Alert Manager
Purpose: To create a program that can run an alert command, monitor the
status of that command's output, and if it fails run a different
command. It should have a very flexable configuration file that
allows creation of "alert chains" - chains of alerts, each with
their own alert command, fallback-command, and other advanced
options. It must have a method of passing an arbatrary message
from the command line into any of the alert commands defined in
the configuration file.
- Features
-
- Doesn't keep the log file open longer than it needs to - so multiple instances of alert.pl hopefully won't overwrite eachother's log files.
- Supports a very forgiving configuration file that allows pound, double-slash, and /* */ C-style comments.
- A command line switch to check the validity of the configuration file.
- A method to aviod infinite looping (failing?) alert commands.
Program Flow:
Alert Manager is designed to be run on Linux or any other OS that
properly supports posix threads. Win32 is not supported by Alert
Manager. The basic program flow looks like this:
* Start
* Process command line
* Read "General Settings" from the configuration file
* Enter a while (1) loop
* If the alert is one of the special predefined alerts (LOG/SYSLOG)
run the alert and exit.
* Read information about the alert we are about to run from the
configuration file
* Run the current alert command:
until the alert is completed successfully:
if a failure-alert command needs to run it is started in a separate
thread. If the current alert fails the fallback command is loaded
and it is run (in the same while loop). The while loop doesn't
exit unless some command completes successfully.
If the command completed successfully and there is a success-alert
it is loaded and run. If there is no success-alert the program exits.
NOTE that the configuration file syntax is not verified at runtime! Alert Manager was implemented this way on purpose to minimize potential message loss. For example say you created the "foo" alert definition. You have been using it for several weeks and it always runs flawlessly. Then say you create a "bar" alert definition but had a syntax error in it. You would not want Alert Manager to stop processing the "foo" entry just because the "bar" definition had a syntax error in it. Realize that this means that every time you modify the configuration file you should run the --validate option and make sure the syntax is sane.
/*****************************
** Practicle Applications **
*****************************/
As stated earlier, Alert Manager was created to be a simple wrapper around alert commands. Specifically I wanted something that could work in conjunction with Logdog <http://caspian.dotconf.net/menu/Software/LogDog/> to verify that the alert commands Logdog was running (i.e. sendEmail, sendSNPP.pl, sendSMS.pl, and others) were successfully running. In a production environment you can't have a critical page get lost because the network was temporarily down, or your pager's mailbox was full. Thus alert manager was born.

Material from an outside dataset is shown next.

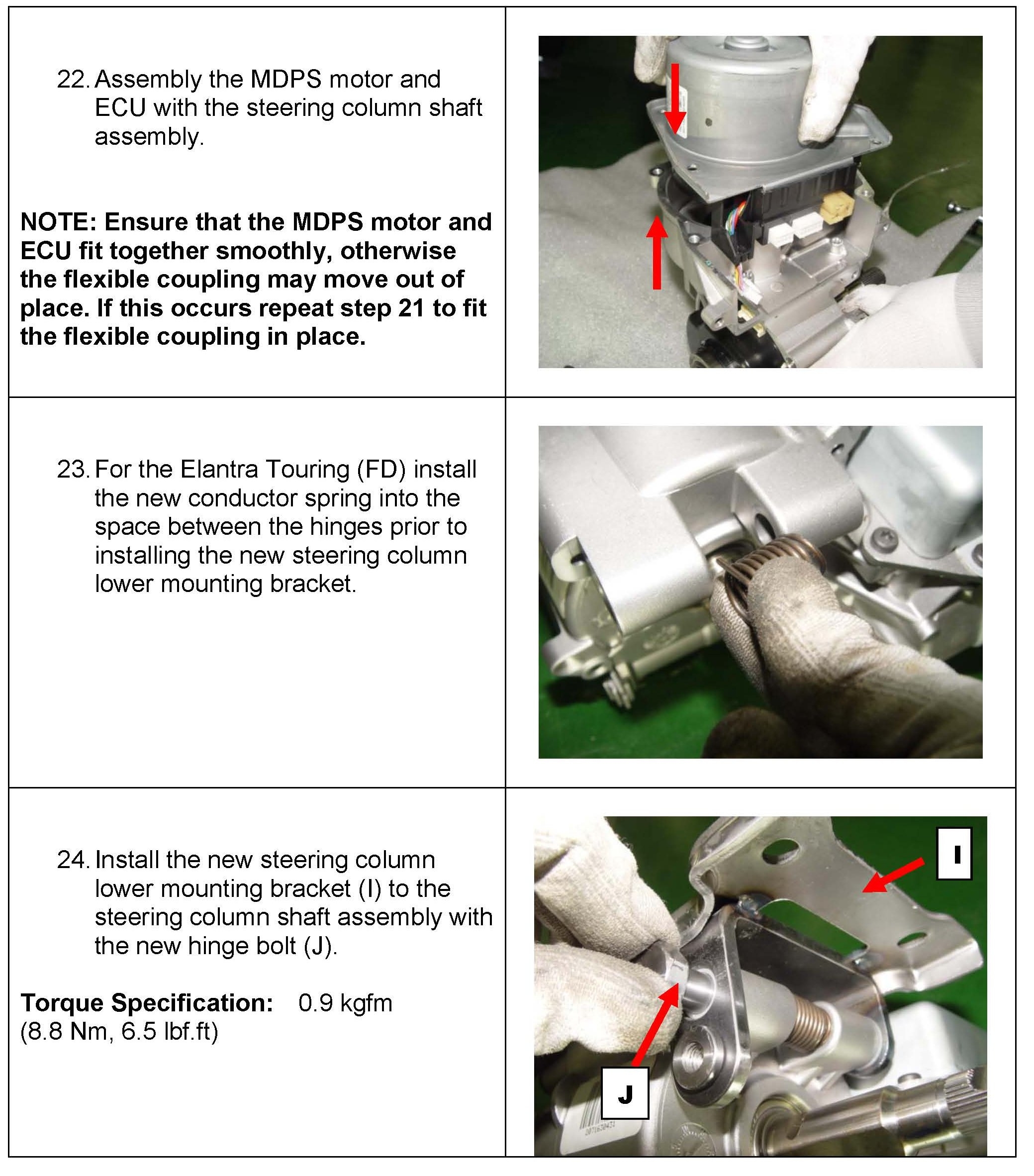 Some 2007-2010MY Elantra and 2009-2010MY Elantra Touring vehicles may exhibit a slight rattle noise from the steering column while driving on rough roads at low speeds or while turning the steering wheel.This condition is cause by the worm shaft flexible coupling in the motor driven power steering (MDPS) column. This bulletin provides the procedure to repair this condition.
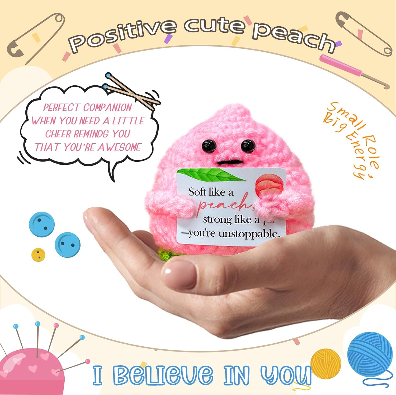 • 【Positive crochet companion】This optimistic doll always brings warm power.It always reminds us of the good side of life and helps us maintain hope and courage in difficult situations.This companionship makes the heart stronger.

Since then I have added the success-alert option which made Alert Manager immensely
useful for monitoring tasks. For example I have a "success-chain" setup where the
flow is something like this:
Ping-server -> check-smtp -> check-imap -> check-http -> check-https -> check-sshd -> etc.
That way if a server is down I only get one page saying the server is un-pingable,
and I don't get 50 pages saying the server isn't responding on http, https, smtp, etc.
/***************
** Examples **
***************/
Verify the syntax of the configuration file:
alert.pl -c /etc/alertManager.conf --validate
Run the alert command "Page-Jane"
alert.pl -c /etc/alertManager.conf -a Page-Jane -m "I'm busy"
If the Page-Jane alert definition in the configuration file has a comand with the special phrase "MESSAGE" (with or without quotes) the message "I'm busy" would be substituted in place of it.
Log a message to a file:
alert.pl -c /etc/alertManager.conf -a "LOG /var/log/newlog" -m "Penguins rock" In this example the message "Penguins rock" would get logged to the file /var/log/newlog Since LOG is a special pre-defined alert, you would not need to modify the configuration file for this command to work.
Pipe the message text into alertManager:
echo "Please call at 555-666-7777" | alert.pl -c /etc/alertManager.conf -a Page-Jane -m stdin If you pass "-m stdin" to alertManager it will try reading a line from STDIN rather than using the actual phrase "stdin."
More example configuration files will be included in future releases of alertManager.